We can use a for loop to loop through the neighbor atoms that the search function found. We can get the residue of the atom by using atom.get_parent().

for neighbor in neighbors:
    residue = neighbor.get_parent()
    print(residue.get_resname(), residue.get_id())
HIS (' ', 93, ' ')
HIS (' ', 93, ' ')
HIS (' ', 93, ' ')
HEM ('H_HEM', 155, ' ')
HEM ('H_HEM', 155, ' ')
HEM ('H_HEM', 155, ' ')
HEM ('H_HEM', 155, ' ')
HEM ('H_HEM', 155, ' ')
HEM ('H_HEM', 155, ' ')
HEM ('H_HEM', 155, ' ')
HEM ('H_HEM', 155, ' ')
HEM ('H_HEM', 155, ' ')
HEM ('H_HEM', 155, ' ')
HEM ('H_HEM', 155, ' ')
HEM ('H_HEM', 155, ' ')
HEM ('H_HEM', 155, ' ')
HEM ('H_HEM', 155, ' ')
HEM ('H_HEM', 155, ' ')
HEM ('H_HEM', 155, ' ')
HEM ('H_HEM', 155, ' ')
OH ('H_OH', 154, ' ')

THe lines that say “HEM” are for atoms that belong to the heme ligand. We are interested in how the ligand binds to the protein, so we’ll modify the for loop to only print neighbors if they are not part of the same residue as the iron.

iron_residue = iron_atom.get_parent()

for neighbor in neighbors:
    residue = neighbor.get_parent()
    
    if residue != iron_residue:
        print(neighbor.element, residue.get_resname(), residue.get_id()[1])
C HIS 93
N HIS 93
C HIS 93
O OH 154

Our analysis shows us that HIS 93 is a neighbor to the iron in the heme group. This histidine is called the “distal histidine” and is known to bind to the iron in the heme group. You can read more about myoglobin’s structure here.

Try increasing the distance to 5. What do you find?

Challenge - Repeat analysis for a Zinc Finger#

Zinc fingers are small protein motifs that are characterized by the coordination of one or more zinc ions to stabilize their structure, enabling them to interact with other molecules such as DNA, RNA, or proteins.
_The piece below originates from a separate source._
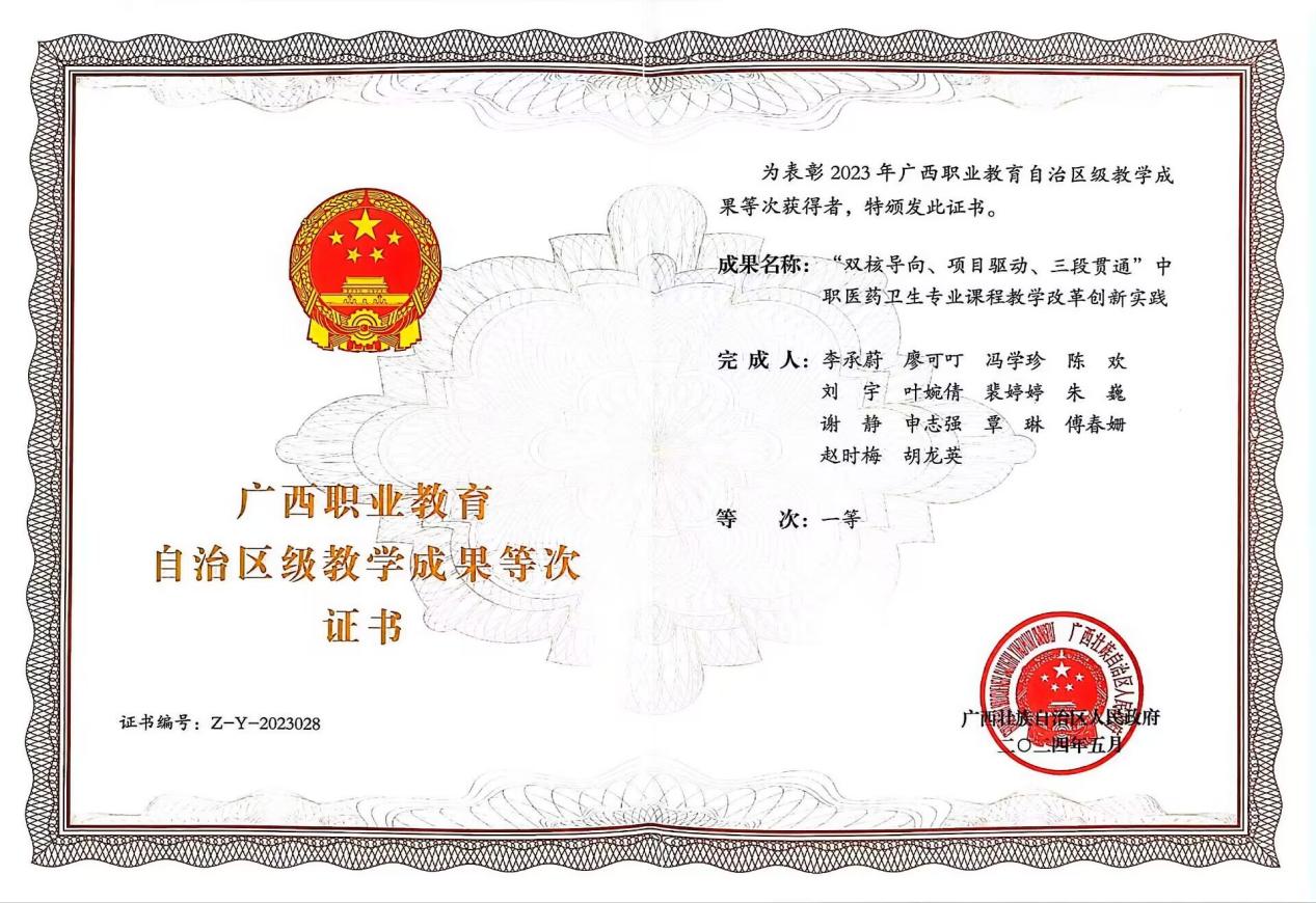 教师团队获广西职业教育自治区级教学成果等次一等奖

These motifs are commonly found in transcription factors, where they play a crucial role in the recognition and binding of specific DNA sequences, thereby regulating gene expression.

For this challenge, you will analyze the structure 1a1t. This structure is the HIV-1 nucleocapsid protein, which contains two zinc fingers that grip the viral RNA during budding of the virus.

../_images/1a1t.png

Hint 1 - The structure 1a1t is determined by NMR and contains 25 structure models. When you load the structure using the MMCIF parser, you will get a list of 25 structures. You can analyze only one of them by using list indexing:

# Create an MMCIFParser object
parser = MMCIFParser(QUIET=True)

# Parse the mmCIF file
structures = parser.get_structure("1a1t", "data/PDB_files/1a1t.cif")  # This will be a list with 25 elements!

# Get the first structure
structure = structures[0]

Hint 2 - The structure also contains more than one Zinc atom, so if you would like to analyze both that are present in the structure, you will have to use your Python knowledge to slightly modify your code.